Not all words had correspondences in the dictionary, which is of course a little sad, with the English language such problems practically do not arise. Therefore, I decided to show the emotional coloring of the most frequently repeated words. It is these words that the listener most often hears, and it is they that have the most powerful effect on him and determine the perception of the whole song. In general, if the reader is even a little familiar with the work of all authors, then he is unlikely to be surprised. Well, if for someone the analyzed names are new, then please welcome, get acquainted with their work. Below you can see the graphs. For all artists, the most frequently used words are shown.

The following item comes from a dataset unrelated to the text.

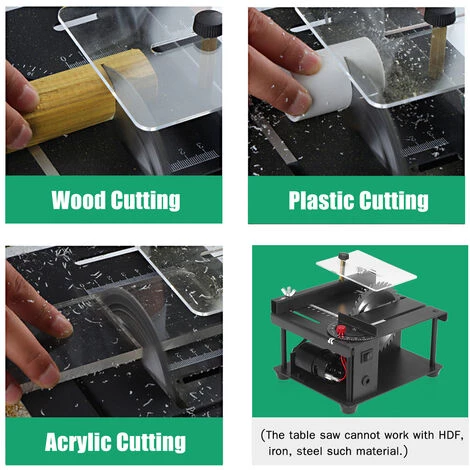 | Cette scie des ménages est durable, portable, pratique et facile à utiliser. Non seulement la coupe, il est capable de polir ou graver avec le versement d’accessoires correspondants. Également comporté avec moteur de puissance élevée, il peut atteindre une vitesse de coupe élevée de 3000rpm de bois coupé, panneau en matière plastique, panneau acrylique et plus avec efficacité. Faire emploi coupe plus facile. Traits: Puissant moteur – moteur à grande vitesse offre une vitesse de 1000 à 3000rpm, supports profondeur de coupe jusqu’à 35 mm, aide à l’emploi de coupe complète efficacement et facilement. 7 Niveau de vitesse réglable – Livré avec adaptateur secteur vitesse réglable 7 de vitesse, il permet la rotation facile contrôle de vitesse pour différents travaux de coupe. Haute précision – Equipé du Backer et marqué avec l’échelle, il assure des coupes précises et droites, la sécurité dans le processus de coupe. Taille compacte – Les mesures de scie de table 19 * 16,5 * 10cm de taille portable et poids, 67,93 oz pour un transport facile et un rangement pratique à la maison. Applications larges – Il est largement utilisé pour couper le métal mou et d’autres matériaux, comme l’aluminium, le bois, le plastique, acrylique, etc. (. Ne peut pas travailler avec HDF, fer, acier et plus) Qualité fiable – Fait de matériaux de haute qualité et sélectionné des composants électroniques, il Caractéristiques des performances stables et de durabilité pour une utilisation. 0 ° -90 ° Réglage de l’angle – goniomètre Easy-Set permet angle de coupe réglable de 0 ° à 90 °, coupe précise et rapide avec facilité. Caractéristiques: Matière: Métal + composants électroniques La couleur noire Plug: EU Plug, Plug US (en option) Type: Version de base, version Deluxe (Facultatif) Puissance nominale d’entrée: 200W Tension: 24V Courant: 20A Vitesse du moteur: 10000rpm Vitesse de sortie: 1000 ~ 3000rpm Profondeur de coupe: 0 ~ 35 mm 7 niveau Réglage de la vitesse: Oui Réglage de l’angle: 0 ~ 90 ° Diamètre de la lame de scie: 110mm / 4.33in Poids de l’article: 1926g / 67,93 oz Point Taille: 19 * 16,5 * 10cm / 7,48 * 6,49 * 3.93in Poids du paquet: Version de base: 3100g / 109,34 oz Version Deluxe: 3500g / 123,45 oz Taille du paquet: 24 * 22 * ??17cm / 9,22 * 8,66 * 6.69in Remarque: Cette scie à table ne peut pas être utilisé pour couper planche haute densité, le fer, l’acier. En raison de la mesure manuelle, il peut y avoir un écart. En raison de l’éclairage, l’image et objet matériel peuvent différer légèrement en couleurs, s’il vous plaît à l’emporter nature. Liste de colisage: 1 * Scie à table 1 * Adaptateur 1 * Manuel de l’utilisateur 1 * Lame de scie 1 * tournevis 1 * Couverture Transparent 2 * Clé 2 * Wing Nut 1 * écrou d’accouplement 1 * Cap Nut 1 * Backer 1 * Mandrin 1 * Meule 5 * Piece Ponçage 1 * Saw Emery titane plaqué lame (uniquement pour la version Deluxe) 1 * Saw lame en acier (uniquement pour la version Deluxe) 1 * Scie de résine Lame (uniquement pour la version Deluxe) 1 * arbre flexible (uniquement pour la version Deluxe) |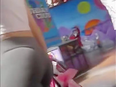 CONSTRICTED Legal Age Teenager in Grey leggings BUBBLE ASS

Morgenstern. The repetition rate of a word is more than 10 times. The abundant number of red columns stands out quite strongly, and if you sort out what these words are, it becomes doubly sad from what message this artist carries to his audience.

image

Pharaoh . The lexicon also leaves much to be desired. Frequency more than 20 times.

image

Next is the time for the old-timers of the Russian rap scene. Those for whom it is really not a shame, and can be recommended for listening.

Caste . Bright predominance of words with a positive connotation. And negative words are not shocking with their immorality. Frequency> = 25

image

And finally, the rhyme master and the words Noize Mc (frequency> = 30).

image

The abundance of negatively colored vocabulary, which Morgenstern and Pharaoh use in their songs, affects the perception of their songs and the mood that they broadcast. It’s hard to get pleasant emotions from the music when it does its best to force you to do the opposite.
Since the used dictionary with sentimental analysis does not contain all the words, it is difficult to draw a 100% and sure conclusion about the mood of the songs by the artists, since a lot also depends on the context. However, I will show you how many and what words the artists use (from what they managed to attach).

image

Obviously, most of the words of all artists have a neutral tint, which practically does not affect the listener. But, interestingly, Pharaoh and Morgenstern use more words with a negative connotation than with a positive one. And this, despite the inferiority of the dictionary and the absence there of a lot of obscene words and their variations (the dictionary contains 28,248 words and I had to add some of them manually).

image

Caste and Noise Ms are also led by neutral words, but in second place are positive ones that do not cause us negative emotions.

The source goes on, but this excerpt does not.